The difference here being, measuring 'c' locally relative measuring 'light' between 'frames of reference', using 'any local clock' in fact, and it doesn't matter which 'frame of references' clock you use there, you still will find time, and so 'c', to differ between the two frames of reference.
But a 'frame of reference' can be directly related to 'c' using clocks, as I see it. Then represented by the smallest 'propagation of light' we make sense of, which is one Planck length in one Plank time. Also perfectly possible to define as different 'gravitational potentials' relative the observer (measuring). As in the latest NIST experiments with clocks on Earth.
And as your local 'frame of reference' can't be 'stretched out' covering both frames of reference simultaneously, the correct way to define 'c' should be locally, and doing so you will find it to be a 'constant'.
The refractive index of Space, as in a 'perfect vacuum', should unerringly be 'one' (c/c equals 1), as far as I know? When gravity distorts 'light paths' it doesn't change this index, it just bends lights 'path of propagation'. But if you're treating 'gravity' as a perturbation, with the speed of light varying as a function of the Space(s) 'density'. Then you can, ignoring 'gravity' as warping/distorting the vacuum, also assuming all light-paths to be Euclidean straight paths, indeed find light to be of varying 'speeds'.

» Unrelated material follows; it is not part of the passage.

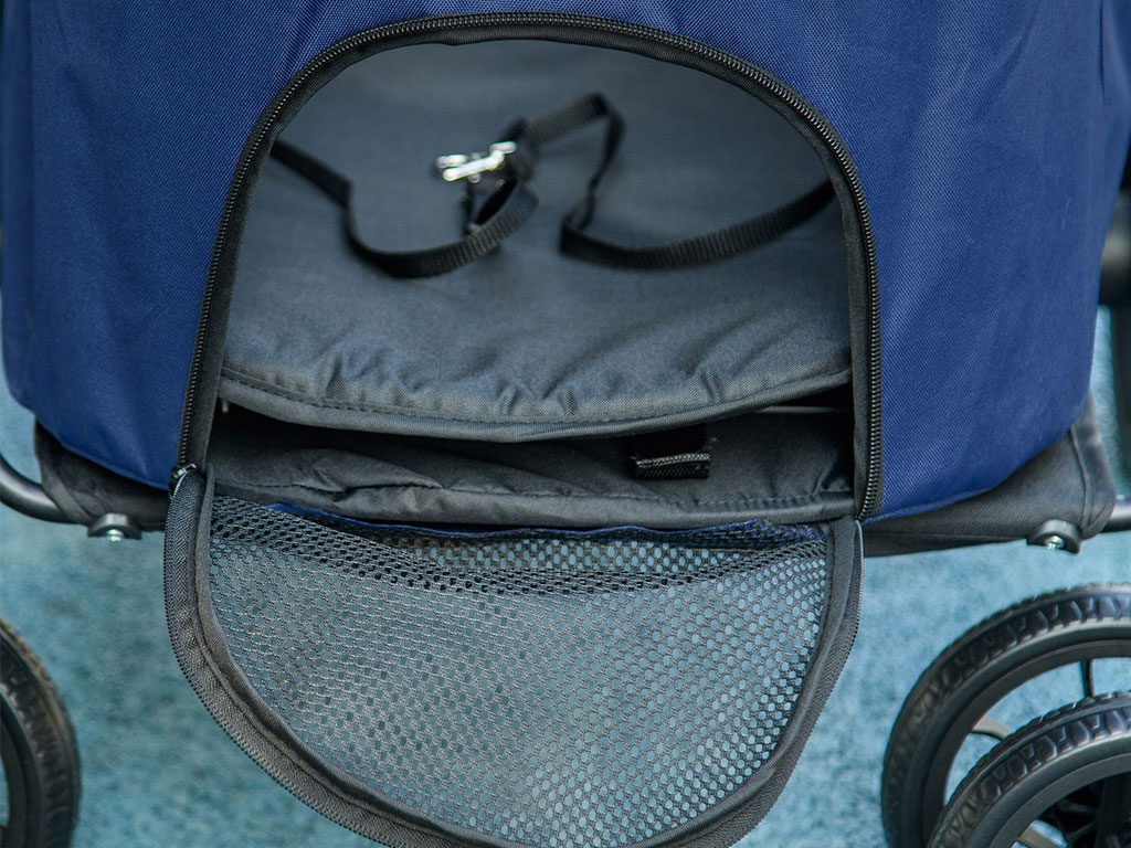 Se 6stupňovou sklápěcí střechou na zip lze psa v kočárku snadno uzavřít a díky síťované přední a zadní straně stříšky má pes nejenom dobrý výhled, ale také přísun čerstvého vzduchu. Psa můžete uvnitř připnout na dvě bezpečnostní vodítka uvnitř kočárku. Měkký polštář na dně kočárku nabízí psovi pohodlné ležení během jízdy. Během ležení může pes pozorovat okolí přes síťovaná přední nebo zadní dvířka na zip, která lze otevřít. Kočárek má také dostatek úložného prostoru na výbavu pro psa. Boční kapsa slouží k uložení menších potřeb jako je láhev s vodou, vodítko, pamlsky a další potřeby pro psy.

The index of refraction of a material, as propagating inside glass, is the proportionality between 'c' and the speed of light inside that glass. Using space as our 'refractive medium' we now, not only define a aether instead of a classical space. We also redefine 'c' as a variable 'speed' questioning it as a constant. Therefore also invalidating that 'index of refraction' we used as a measurement.
Hope this made sense :)